Re: [ceph-users] New CRUSH device class questions

2019-08-07 Thread Robert LeBlanc
On Tue, Aug 6, 2019 at 7:56 PM Konstantin Shalygin  wrote:

> Is it possible to add a new device class like 'metadata'?
>
>
> Yes, but you don't need this. Just use your existing class with another
> crush ruleset.
>

Maybe it's the lateness of the day, but I'm not sure how to do that. Do you
have an example where all the OSDs are of class ssd?

> If I set the device class manually, will it be overwritten when the OSD
> boots up?
>
>
> Nope. Classes assigned automatically when OSD is created, not boot'ed.
>

That's good to know.

> I read https://ceph.com/community/new-luminous-crush-device-classes/ and it
> mentions that Ceph automatically classifies into hdd, ssd, and nvme. Hence
> the question.
>
> But it's not a magic. Sometimes drive can be sata ssd, but in kernel is
> 'rotational'...
>
I see, so it's not looking to see if the device is in /sys/class/pci or
something.

> We will still have 13 OSDs, it will be overkill for space for metadata, but
> since Ceph lacks a reserve space feature, we don't have  many options. This
> cluster is so fast that it can fill up in the blink of an eye.
>
>
> Not true. You always can set per-pool quota in bytes, for example:
>
> * your meta is 1G;
>
> * your raw space is 300G;
>
> * your data is 90G;
>
> Set quota to your data pool: `ceph osd pool set-quota 
> max_bytes 96636762000`
>
Yes, we can set quotas to limit space usage (or number objects), but you
can not reserve some space that other pools can't use. The problem is if we
set a quota for the CephFS data pool to the equivalent of 95% there are at
least two scenario that make that quota useless.

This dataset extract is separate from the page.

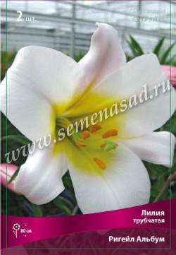 Ригейл Альбум- высота растения 80см, цветок белый с желтым центром.
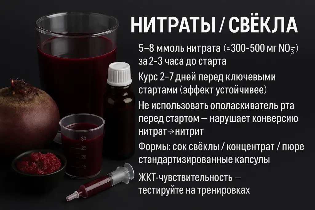 - 5–8 ммоль NO₃⁻ (≈ 300–500 мг нитрата) за 2–3 часа до старта.

1. A host fails and the cluster recovers. The quota is now past the
capacity of the cluster so if the data pool fills up, no pool can write.
2. The CephFS data pool is an erasure encoded pool, and it shares with a
RGW data pool that is 3x rep. If more writes happen to the RGW data pool,
then the quota will be past the capacity of the cluster.

Both of these cause metadata operations to not be committed and cause lots
of problems with CephFS (can't list a directory with a broken inode in it).
We would prefer to get a truncated file, then a broken file system.

I wrote a script that calculates 95% of the pool capacity and sets the
quota if the current quota is 1% out of balance. This is run by cron every
5 minutes.

If there is a way to reserve some capacity for a pool that no other pool
can use, please provide an example. Think of reserved inode space in
ext4/XFS/etc.

Thank you.

Robert LeBlanc
PGP Fingerprint 79A2 9CA4 6CC4 45DD A904  C70E E654 3BB2 FA62 B9F1
___
ceph-users mailing list
ceph-users@lists.ceph.com
http://lists.ceph.com/listinfo.cgi/ceph-users-ceph.com


Re: [ceph-users] New CRUSH device class questions

2019-08-06 Thread Konstantin Shalygin

Is it possible to add a new device class like 'metadata'?


Yes, but you don't need this. Just use your existing class with another 
crush ruleset.




If I set the device class manually, will it be overwritten when the OSD
boots up?


Nope. Classes assigned automatically when OSD is created, not boot'ed.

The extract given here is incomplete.